Ora, potrebbe anche sembrare in linea di principio che non possa esserci nulla di peggio che una ferita infettata dai batteri, se non una ferita infettata da batteri E parassiti. Se non che in base alle specifiche leggi di natura, ciascun possibile ambiente ecologico può raggiungere un assoluto stato di saturazione, come avvenuto nel caso specifico di questi uomini così eccezionalmente “fortunati”, le cui lesioni sanguinanti iniziarono magicamente a risplendere della divina fluorescenza data dal rigurgito dei loro microscopici occupanti. Tali salvifici batteri, in tale modo, avrebbero cresciuto di numero e banchettato, più che mai prima nel corso della loro breve esistenza, aumentando a dismisura nel proprio numero e conseguente capacità di allontanare ogni altro possibile vettore d’infezioni potenzialmente letali. Quindi, una volta che ciascun ferito veniva soccorso e portato al caldo tra i suoi simili, sarebbero tutti immancabilmente morti per l’aumento della temperatura, lasciandosi dietro soltanto l’eccezionale qualità della loro opera, assieme a una realistica speranza, per l’ospite umano, di aver salva inaspettatamente la vita. Davvero un sacrificio degno d’esseri Superni. Nonostante il possesso, totalmente accidentale nonché fortunatamente invisibile, di un aspetto degno dei peggiori demoni dell’Inferno.

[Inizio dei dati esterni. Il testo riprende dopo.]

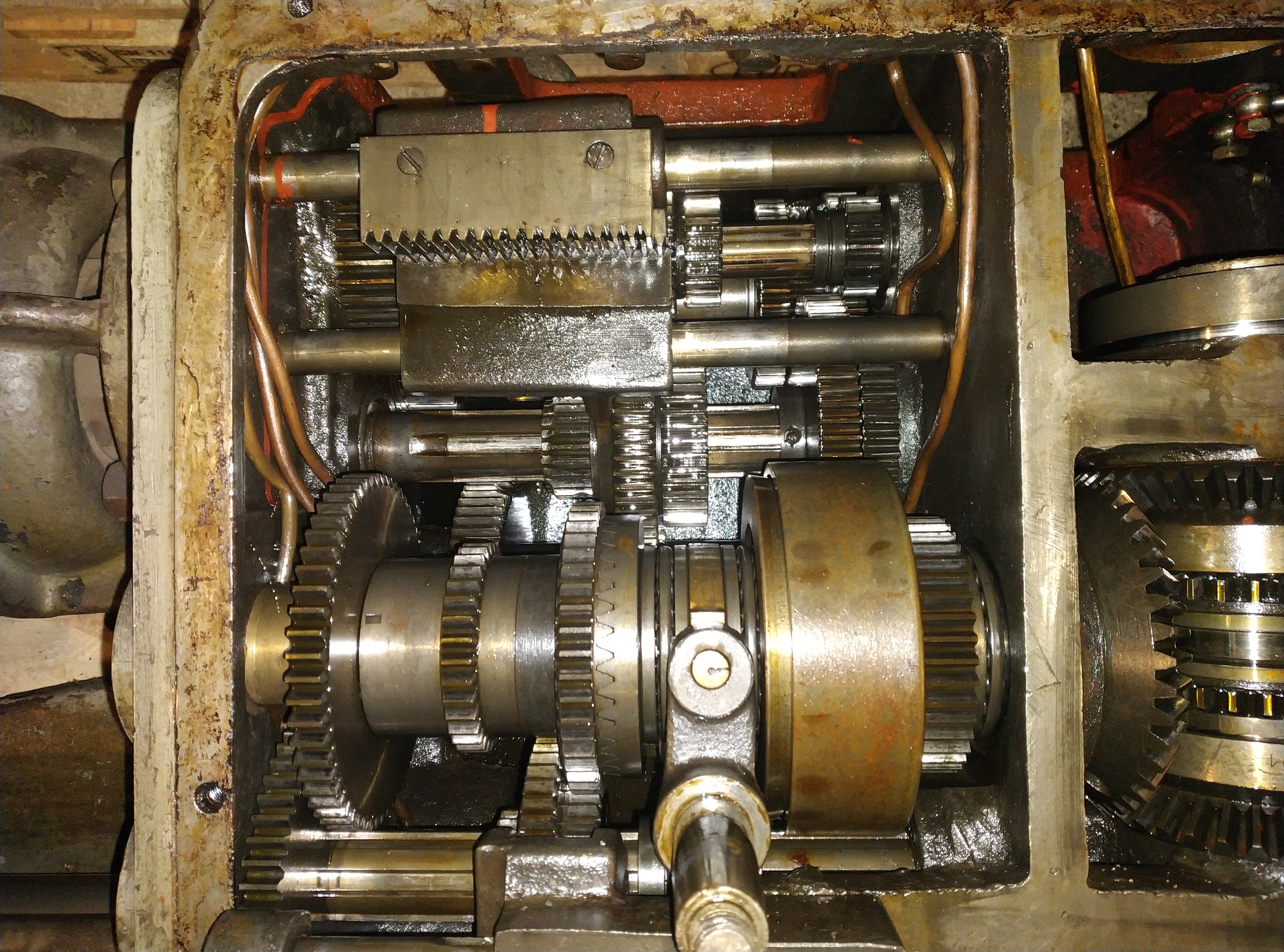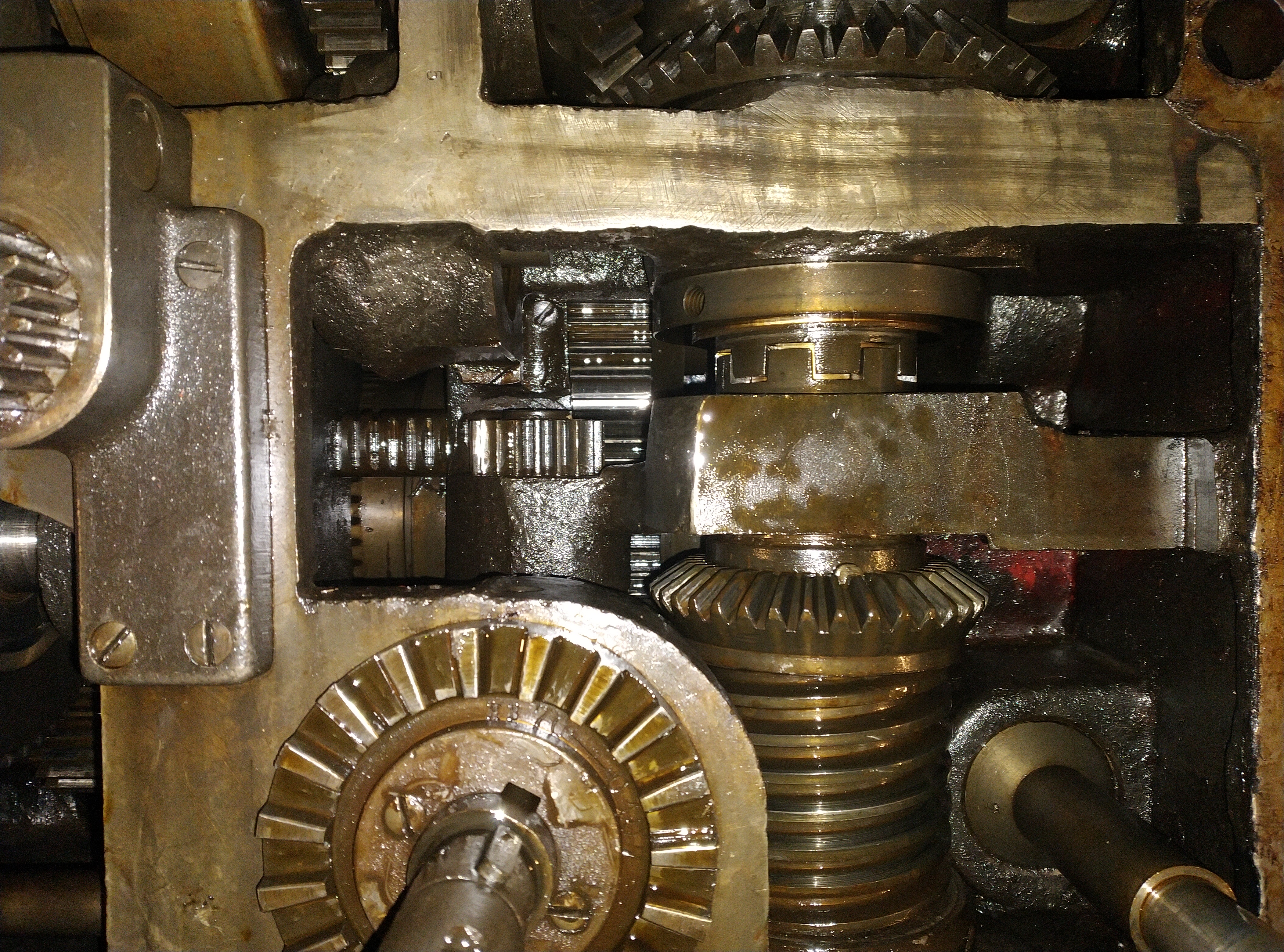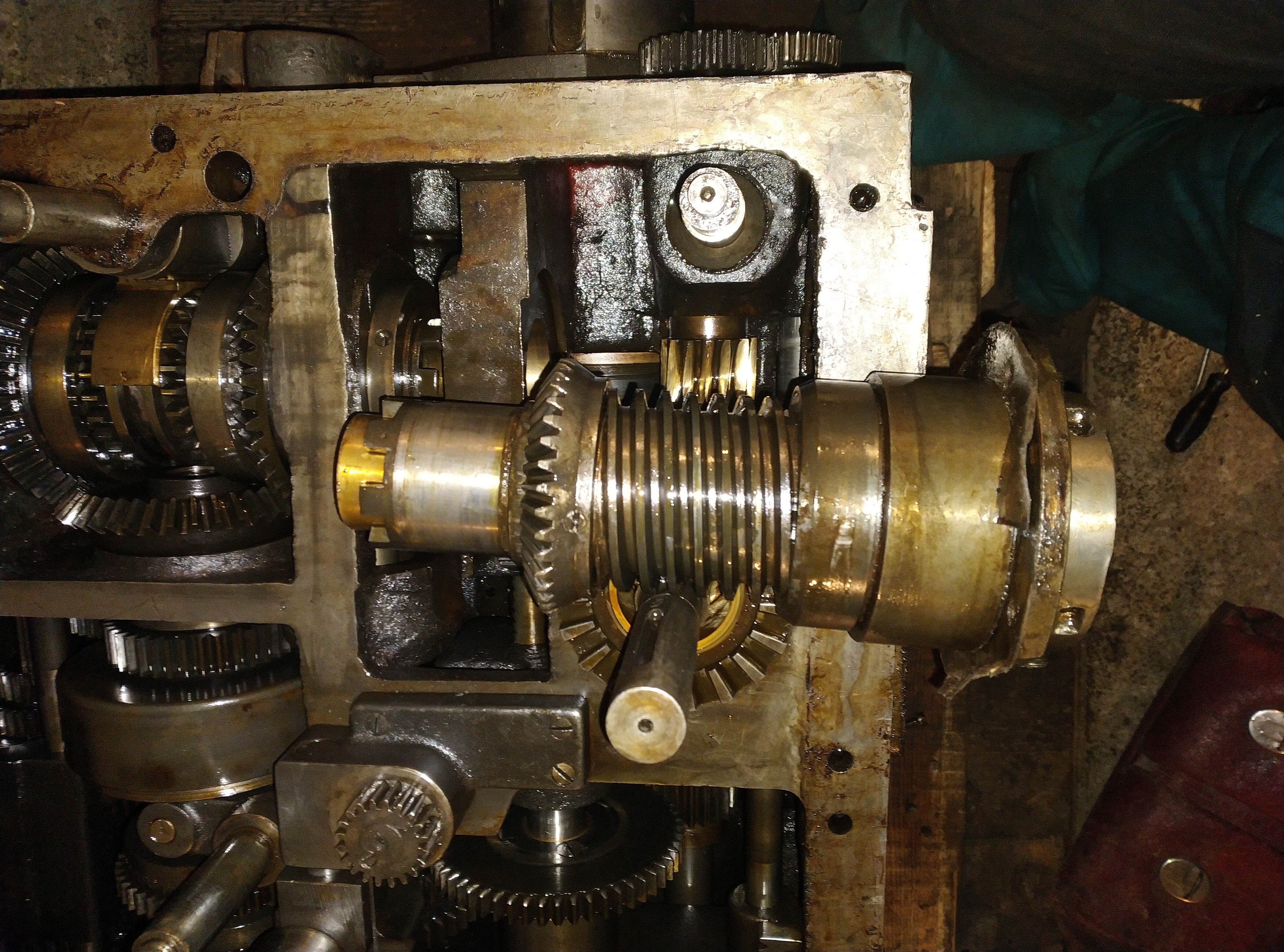 Mezi svátky jsem to nevydržel a zkusil trochu rozkuchnout vřeteník abych zjistil co bude potřeba vyměnit nebo opravit. Věděl jsem, že pod lícní deskou jsou očesaná dvě kola pohonu příčných saní, ale zajímalo co bude vevnitř. Počítal jsem, že minimálně budu měnit ložiska na hřídelích, ale změna je život. Celý vřeteník je na kluzných ložiskách. Takže pokud jsou někde větší než zcela zdravé vůle, mám dvě možnosti, buď to celé opravit někde jinde na horizontce nebo se s tím naučit žít a mazat a mazat...

Un po’ come il paradosso eternamente inflazionato del gatto di Schrödinger, felino mai effettivamente esistito il cui stato apparente di non-vita e di non-morte è un’applicazione teorica dei concetti della fisica quantistica. Mai osservabile direttamente, in quanto posto all’interno della scatola, finché non fosse stato possibile, molti anni dopo, ascoltare il suo distante miagolio attraverso l’accelerazione ed impatto dentro un enorme anello nel sottosuolo della Terra stessa. Prima dell’invenzione di un microscopio abbastanza potente, e soprattutto dell’idea che qualcuno potesse pensare di usarlo sul campo di battaglia, lasciando come unica percezione possibile del batterio la sua stessa luminescenza. Ed è difficile immaginare, quel punto, qualcosa di più mistico e inspiegabile di ferite che brillano azzurrine nel profondo di una notte d’inizio primavera. Portando alla salvezza, più o meno miracolosa, di coloro che tutt’altro si aspettavano in un così terribile ed irrimediabile frangente.
Sarebbe perciò servito fino alla fine della guerra civile americana, nel 1865, perché l’applicazione delle nozioni tanto dolorosamente acquisite permettesse la creazione formale della tecnica del triage permettesse di scegliere efficacemente chi soccorrere prima, all’interno di un campo di battaglia orribilmente moderno, capace di contenere fino a letterali decine di migliaia di feriti. Per l’invenzione della penicillina sarebbe stato necessario aspettare d’altra parte fino al 1928, quando Alexander Fleming scoprì la maniera in cui una semplice muffa fungina potesse contrastare la moltiplicazione dei batteri di qualsiasi tipo, sia buoni che cattivi. E l’uomo iniziasse a salvare attivamente se stesso, piuttosto che attendere un parere positivo da parte del Grande Spirito nei cieli. O felici contingenze naturali; che poi non sarebbero, in fin dei conti, esattamente la stessa cosa?